Ce sont la formation, la supervision, l’éthique, le cadre et le travail sur soi
qui transforment une expérience de vie…
en 𝗮𝗰𝗰𝗼𝗺𝗽𝗮𝗴𝗻𝗲𝗺𝗲𝗻𝘁 𝗿𝗲𝘀𝗽𝗼𝗻𝘀𝗮𝗯𝗹𝗲.
Et c’est aussi cela, protéger les personnes que l’on accompagne.

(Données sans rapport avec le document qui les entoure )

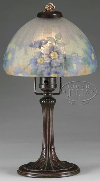 HANDEL BOUDOIR LAMP. Lamp begins with a domical shade in a molded basket weave design. Reverse painted with a blue wild rose and foliage decoration having variegated green foliage all on a frosted ground. This is a very rare color combination for this lamp. Supporting the shade is a nicely patinated base of complimentary art nouveau. Base is complete with a top cap and ornate finial. Shade is signed “Handel 6353” and artist initialed “K.C.”. SIZE: Shade is 7″ dia. Lamp is 13-1/2″ t. CONDITION: Very good to excellent. 5-62501 (1,500-2,000)

👉 𝘈𝘷𝘢𝘯𝘵 𝘥𝘦 𝘷𝘰𝘶𝘴 𝘦𝘯𝘨𝘢𝘨𝘦𝘳 𝘥𝘢𝘯𝘴 𝘶𝘯 𝘢𝘤𝘤𝘰𝘮𝘱𝘢𝘨𝘯𝘦𝘮𝘦𝘯𝘵, 𝘰𝘴𝘦𝘻 𝘷𝘰𝘶𝘴 𝘪𝘯𝘧𝘰𝘳𝘮𝘦𝘳 𝘴𝘶𝘳 𝘭𝘦 𝘤𝘢𝘥𝘳𝘦, 𝘭𝘢 𝘧𝘰𝘳𝘮𝘢𝘵𝘪𝘰𝘯 𝘦𝘵 𝘭𝘢 𝘱𝘰𝘴𝘵𝘶𝘳𝘦 𝘥𝘦 𝘭𝘢 𝘱𝘦𝘳𝘴𝘰𝘯𝘯𝘦 𝘲𝘶𝘪 𝘷𝘰𝘶𝘴 𝘢𝘤𝘤𝘰𝘮𝘱𝘢𝘨𝘯𝘦.
👉 𝘝𝘰𝘵𝘳𝘦 𝘴é𝘤𝘶𝘳𝘪𝘵é é𝘮𝘰𝘵𝘪𝘰𝘯𝘯𝘦𝘭𝘭𝘦 𝘯’𝘦𝘴𝘵 𝘱𝘢𝘴 𝘯é𝘨𝘰𝘤𝘪𝘢𝘣𝘭𝘦.